We have confirmed that coenzyme A is required for rat fatty acid synthetase activity (T. C. Linn, M. J. Stark, and P. A. Srere, 1980, J. Biol. Chem. 255, 1388–1392) . When rat liver or mammary gland fatty acid synthetase was assayed in the presence of a CoA-scavenging system such as ATP citrate lyase, almost complete inhibition of fatty acid synthesis was observed. The inhibition was reversed by addition of CoA or pantetheine, but not by addition of N-acetylcysteamine or other thiols.
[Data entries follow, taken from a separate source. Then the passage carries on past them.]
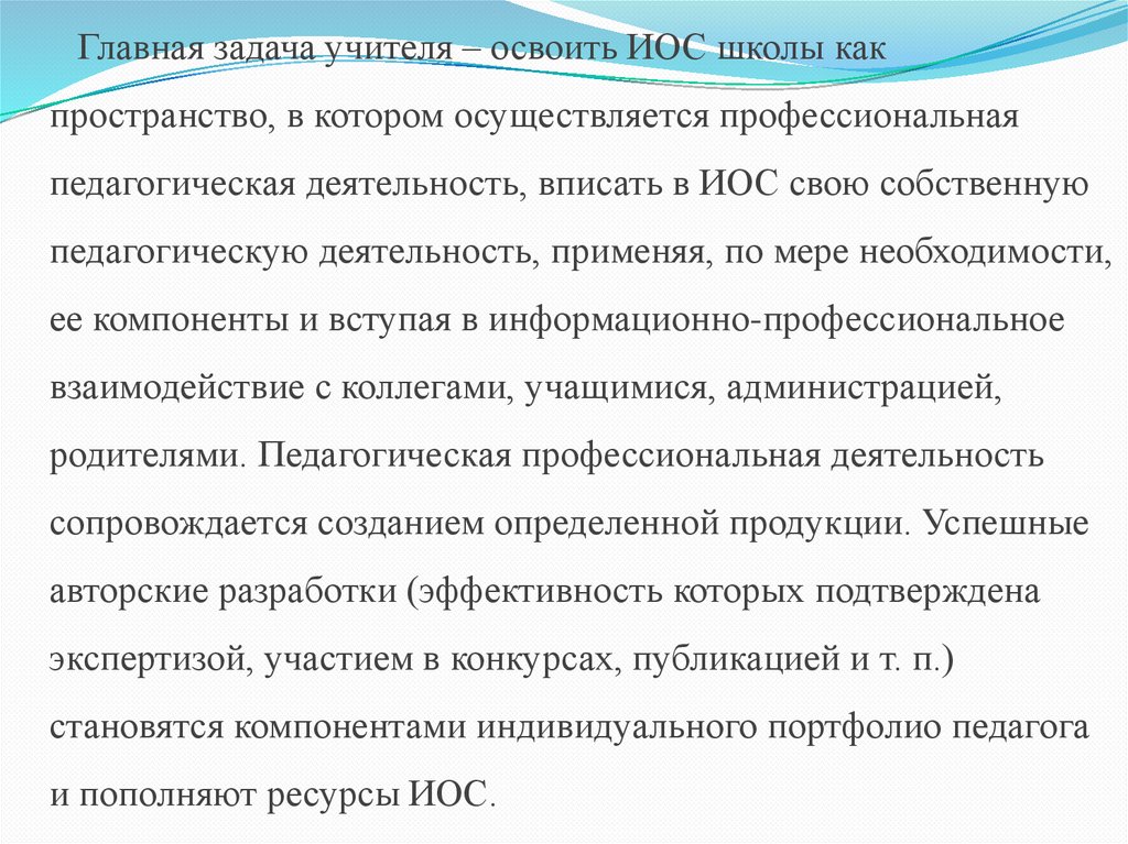 Главная задача учителя – освоить ИОС школы какпространство, в котором осуществляется профессиональная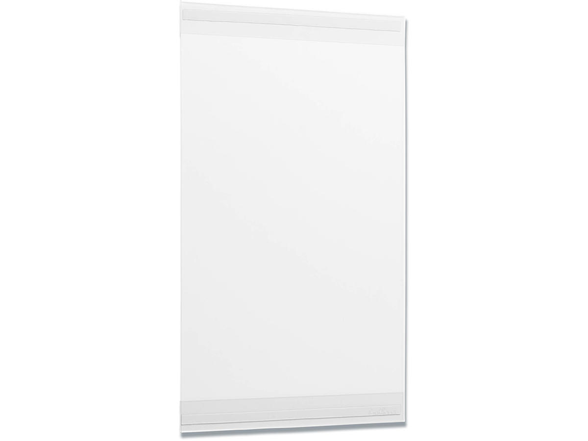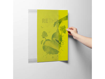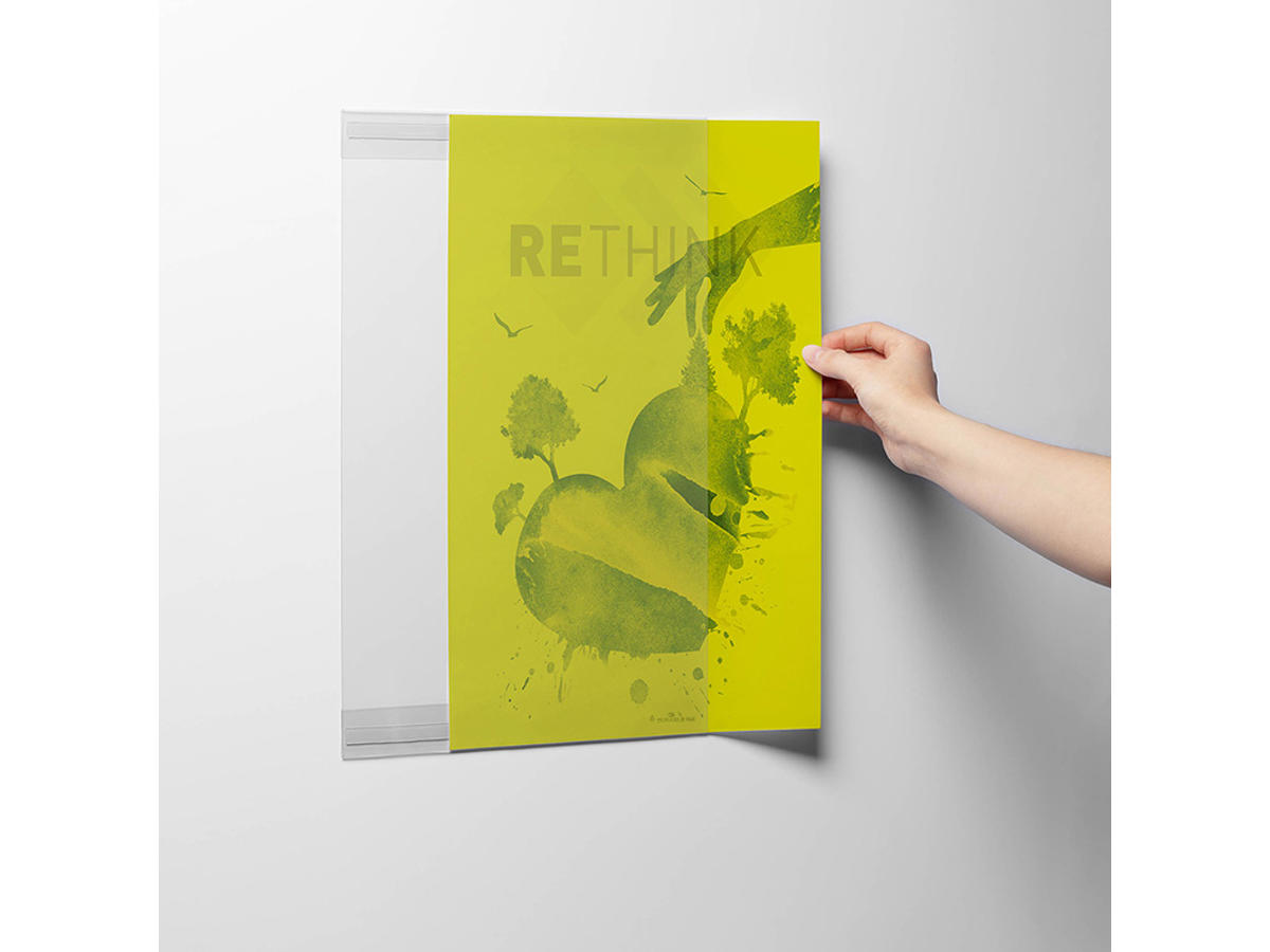 Selvklæbende infolomme hvor folien er fremstillet af mindst 70 % rPET materiale ( genanvendelse efter forbrug). Viser og beskytter indholdet af information på udstillinger, fitnesscentre, kontorer, butikker, klasseværelser og venteværelser. Glasklar forside uden tryk med foldet over- og underkant, der danner en profil, som papiret skubbes ind i fra siden. De to selvklæbende tapestrimler klæber permanent til rene og faste overflader, også dem, der er lidt ujævne. Produktet er interessant ud fra et bæredygtighedsperspektiv på flere måder. Designet uden bagside betyder, at der bruges mindre rPET-plast, og lommerne leveres i en 100 % genanvendt PE-plastpose. Tapestrimlerne kan adskilles fra lommen, så plasten kan kildesorteres og genbruges, når infolommen bortskaffes.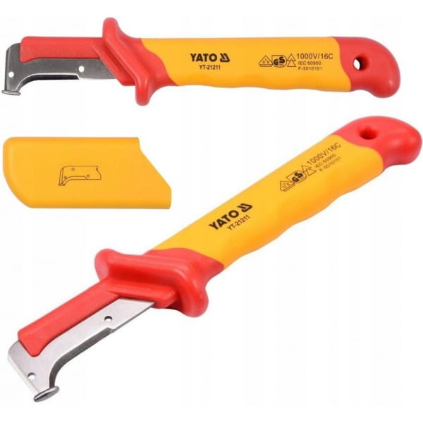 Profesjonalny nóż dla elektryków YT-21211 z izolacją VDE, wykonany z wysokogatunkowej stali CrV.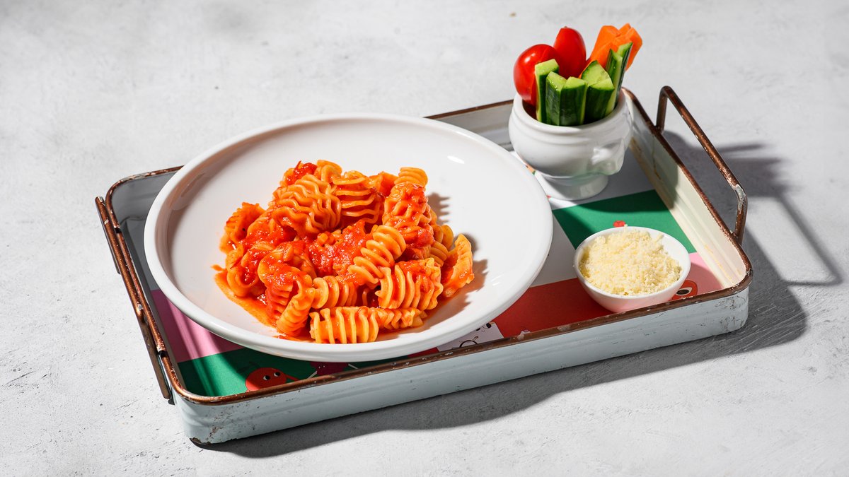 פסטה קונכיות קצרה עם רוטב עגבניות/רוזה/שמנת לבחירה. מוגשת עם ירקות טריים חתוכים.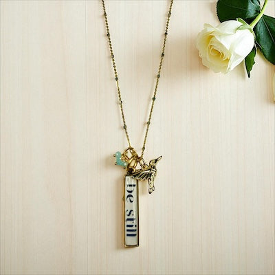 "BE STILL" Sterling Silver & 14kt Vermeil Necklace w/ Chalcedony Rondelles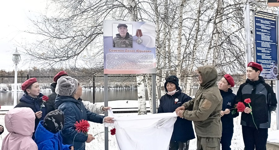 Кэбээйи улууһун Куокуй нэһилиэгэр анал байыаннай дьайыыга сырдык тыынын толук уурбут Денис Юрьевич Семенов үтүө аатын үйэтитэр өйдөбүнньүк истиэндэ арыллыыта буолла.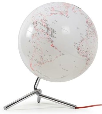 sfera lucida bianca da 30 cm. base cromata, illuminato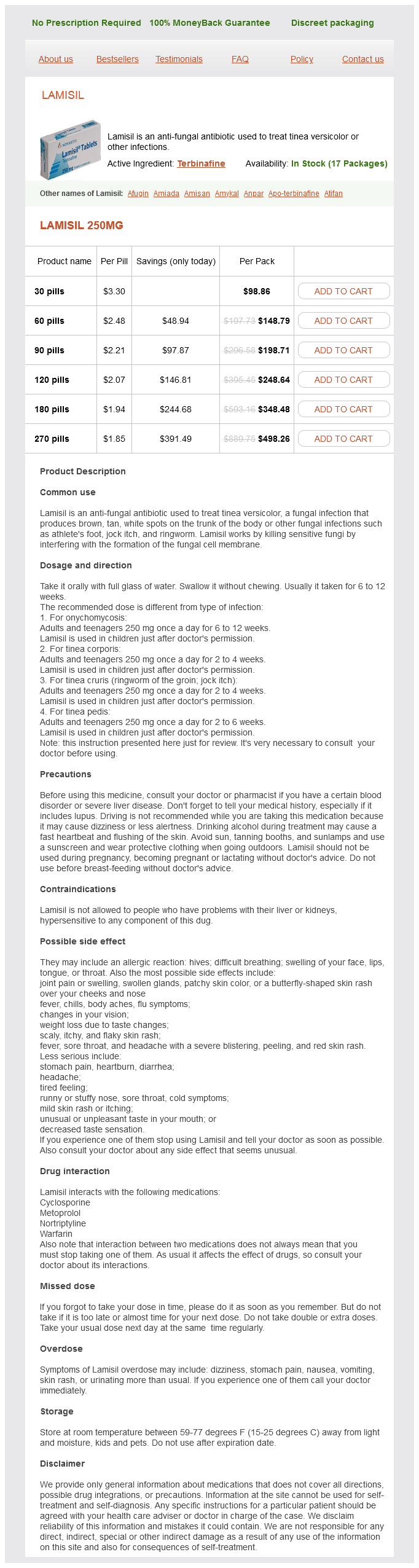 Lamisil packs: 30 pills, 60 pills, 90 pills, 120 pills, 180 pills, 270 pills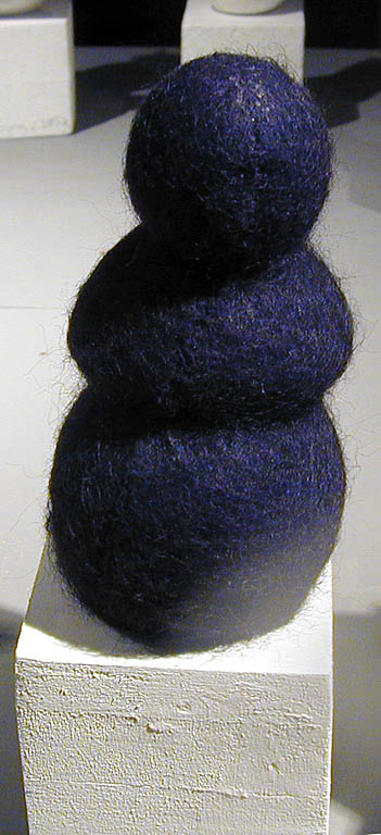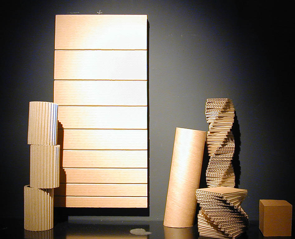 Grażyna Bartnik zajęła się nobilitacją jednego z najbardziej podłych materiałów - kartonu. Takiego kartonu, z jakiego robi się pudła do pakowania. Dwie karty sztywnego papieru, a pomiędzy nimi karbowane, delikatne rureczki wypełnione powietrzem. Po rozcięciu to bogactwo faktury i światłocieniowych efektów. Nieograniczone możliwości.
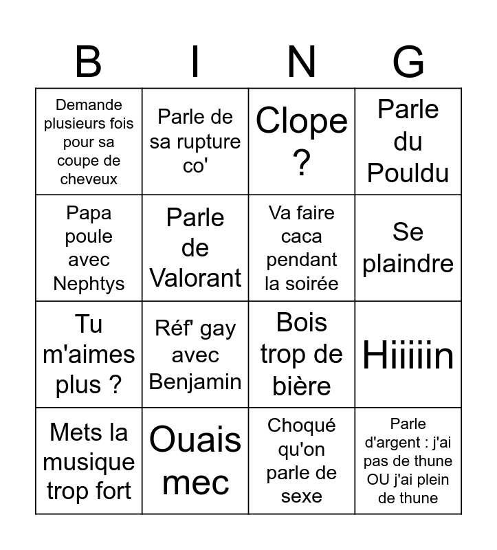 This bingo card has 16 words: Ouais mec, Hiiiiin, Clope ?, Demande plusieurs fois pour sa coupe de cheveux, Tu m'aimes plus ?, Parle de sa rupture co', Bois trop de bière, Choqué qu'on parle de sexe, Papa poule avec Nephtys, Parle de Valorant, Mets la musique trop fort, Parle du Pouldu, Réf' gay avec Benjamin, Se plaindre, Va faire caca pendant la soirée and Parle d'argent : j'ai pas de thune OU j'ai plein de thune.

In the absence of CoA, the rate of elongation of acyl moieties on both native fatty acid synthetase and fatty acid synthetase lacking the chain-terminating thioesterase I component (trypsinized fatty acid synthetase) was reduced 100-fold. All of the palmitate synthesized slowly by the CoA-depleted native multienzyme was released, by the thioesterase I component, as the free fatty acid; only shorter-chainlength acyl moieties remained bound to the enzyme. The acyl- S-multienzyme thioesters formed by the trypsinized fatty acid synthetase in the absence of CoA contained saturated moieties of chain length C 6-C 16; addition of CoA promoted elongation of the acyl- S-multienzyme thioesters without release from the enzyme. The transfer of acetyl and malonyl moieties from CoA to the multienzyme, the reduction of S-acetoacetyl- N-acetylcysteamine and S-crotonyl- N-acetylcysteamine, and the dehydration of S-β-hydroxybutyryl- N-acetylcysteamine, reactions catalyzed by the fatty acid synthetase, were not dependent on the presence of CoA. The hydrolysis of acyl- S-multienzyme catalyzed by thioesterase I, the resident chain-terminating component of the fatty acid synthetase, and thioesterase II, a monofunctional mammary gland chain-terminating enzyme, was also independent of CoA availability as was hydrolysis of an acyl- S-pantetheine pentapeptide isolated from the multienzyme. On the basis of these observations we conclude that CoA is required for the elongation of acyl moieties on the fatty acid synthetase but not for their release from the multienzyme.